Before EASTERBROOK, RIPPLE and KANNE, Circuit Judges.

EASTERBROOK, Circuit Judge.

Visual Information Services Corp. hired William Buck as its CEO in November 1994 and issued him almost 2 million shares of U.S. Digital Communications (its corporate parent) as part of the inducement to accept this position. Buck and his employer had a falling out, leading to a suit by U.S. Digital (until recently known as VisCorp) seeking the return or cancellation of these shares. VisCorp v. Buck, No. 97 C 3390 (N.D.Ill.). The parties quickly agreed that Buck would not attempt to sell any of the shares and that VisCorp would not attempt to interfere with Buck's possession of the stock pending decision by a court of competent jurisdiction. The point of this standstill agreement was to freeze the parties' relations until the case could be decided. Buck tried to turn the agreement to his advantage by filing this lawsuit--in the same court where the first was pending--seeking a declaratory judgment that per the SEC's Rule 144 (17 C.F.R. § 230.144) he could sell 220,000 of the shares without registration under the federal securities laws. Buck believes that, if the court issues such a judgment, then the standstill agreement authorizes him to sell the shares without waiting for resolution of the question whether the 1994 transaction is subject to rescission. U.S. Digital asserted as defenses the same theories it advanced as plaintiff in No. 97 C 3390.

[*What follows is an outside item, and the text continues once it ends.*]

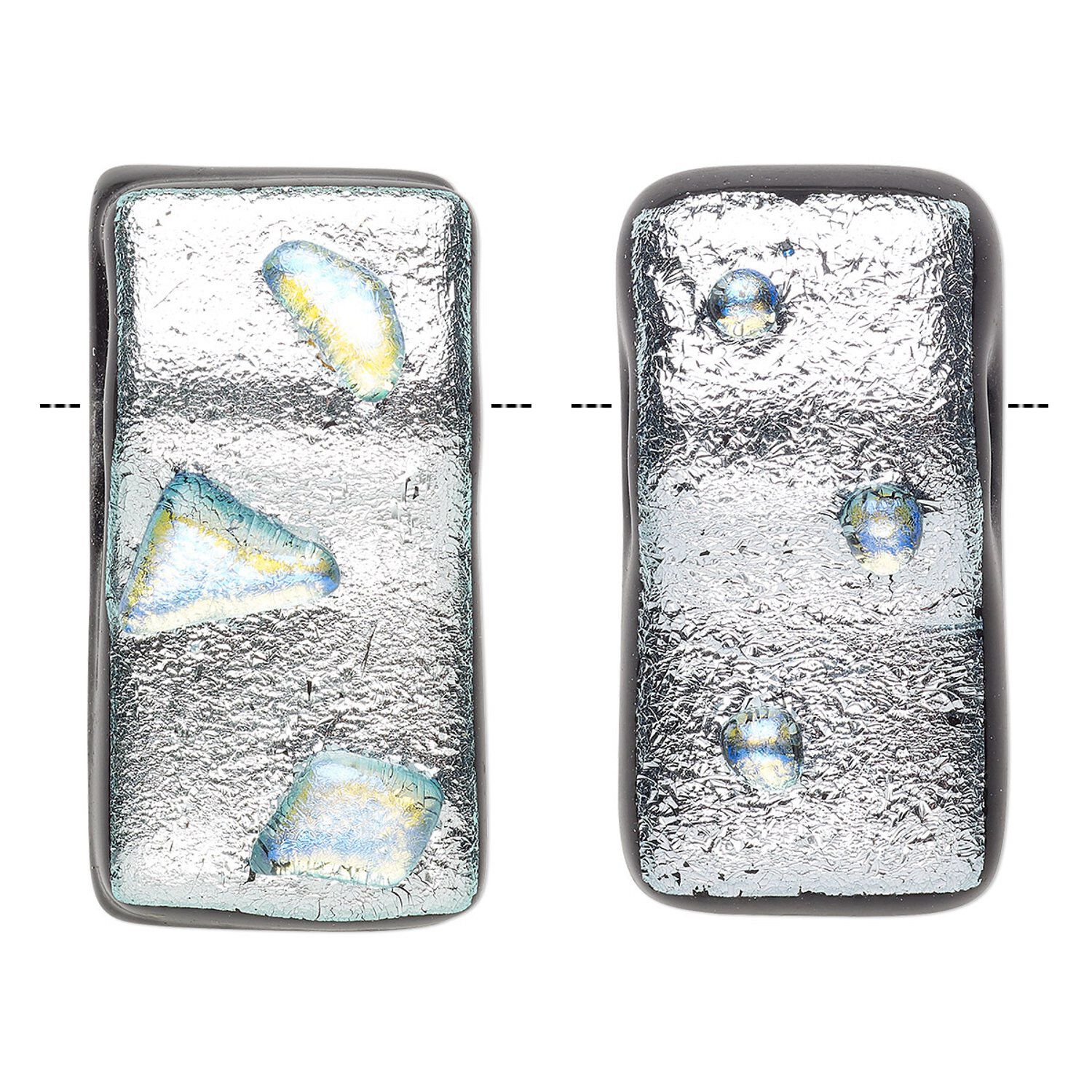 Bead, Paula Radke, dichroic glass, opaque silver / blue / yellow, 31x15mm-33x18mm top-drilled rectangle. Sold individually.
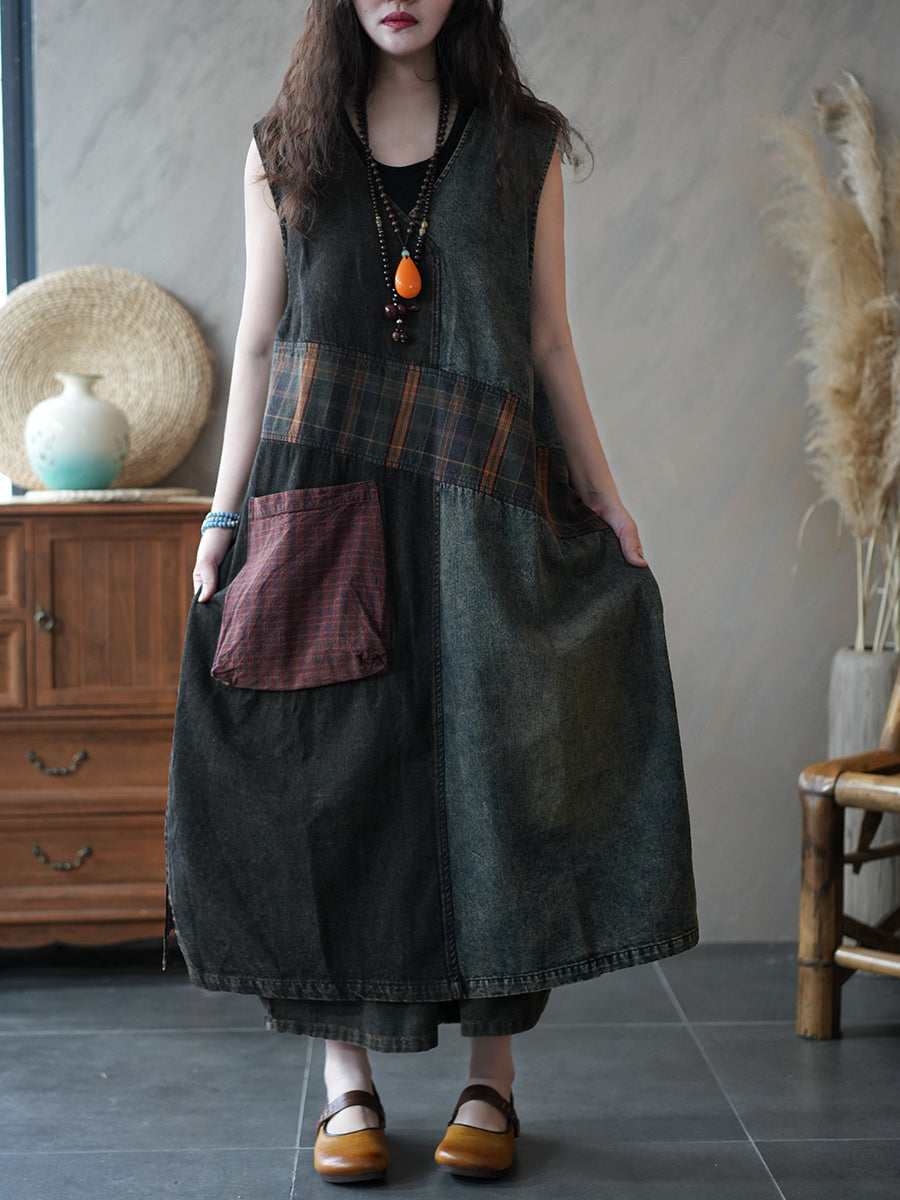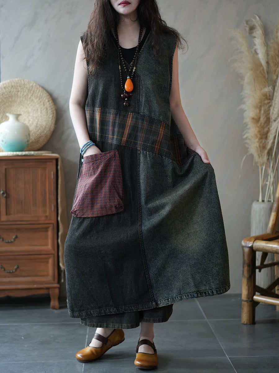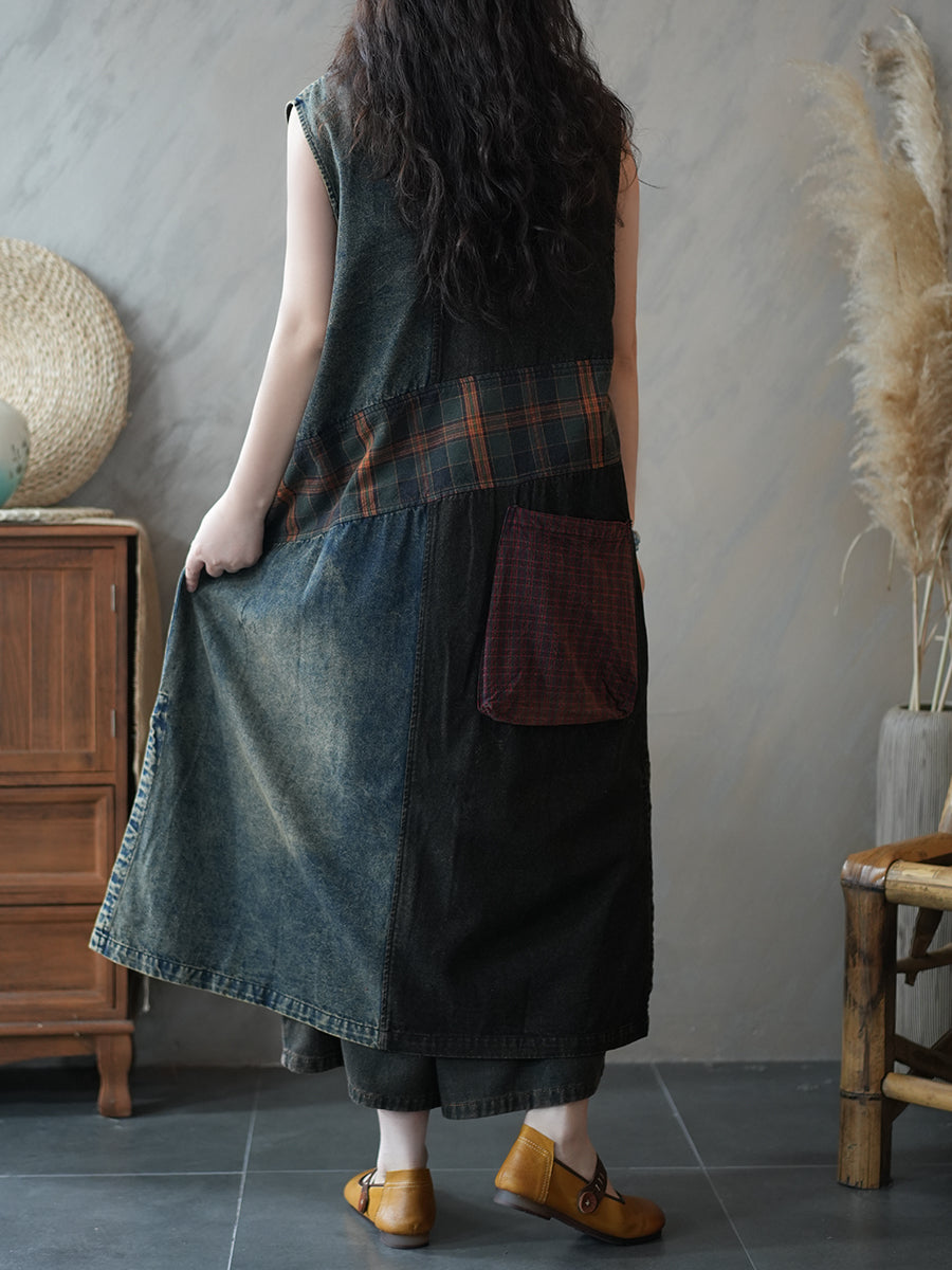 Gilet da donna estivo in denim stile vintage con lavorazione a trama,

Buck asked the district court to accelerate decision on his request for a declaratory judgment, see Fed.R.Civ.P. 57, while U.S. Digital sought consolidation of the two cases. On reference from the district judge, a magistrate judge recommended that this case be expedited and a declaratory judgment entered to the effect that Buck is "entitled to transfer, convey, dispose of, or sell 220,000 shares of his VisCorp common stock." U.S. Digital protested that no court has yet determined that the stock is Buck's to sell, but the district court, writing on the back side of a minute-order form, stated that ownership is at issue in No. 97 C 3390 and need not be resolved to decide whether a sale would comply with Rule 144. The brief order concludes: "Therefore, the court adopts and incorporates Magistrate Judge Rosemond's Report and the holdings contained therein pursuant to 28 U.S.C. § 636(b)(1). Accordingly, judgment is entered in favor of Plaintiff. IT IS SO ORDERED." The front side of the minute order reads in full: "Before the court are Defendants' objections to Magistrate Judge W. Thomas Rosemond Jr.'s Report and Recommendation. For the reasons stated on the reverse side, the Defendants' objections are overruled." The court did not enter a declaratory judgment under Fed.R.Civ.P. 58, and neither side asked it to do so. Instead defendants appealed.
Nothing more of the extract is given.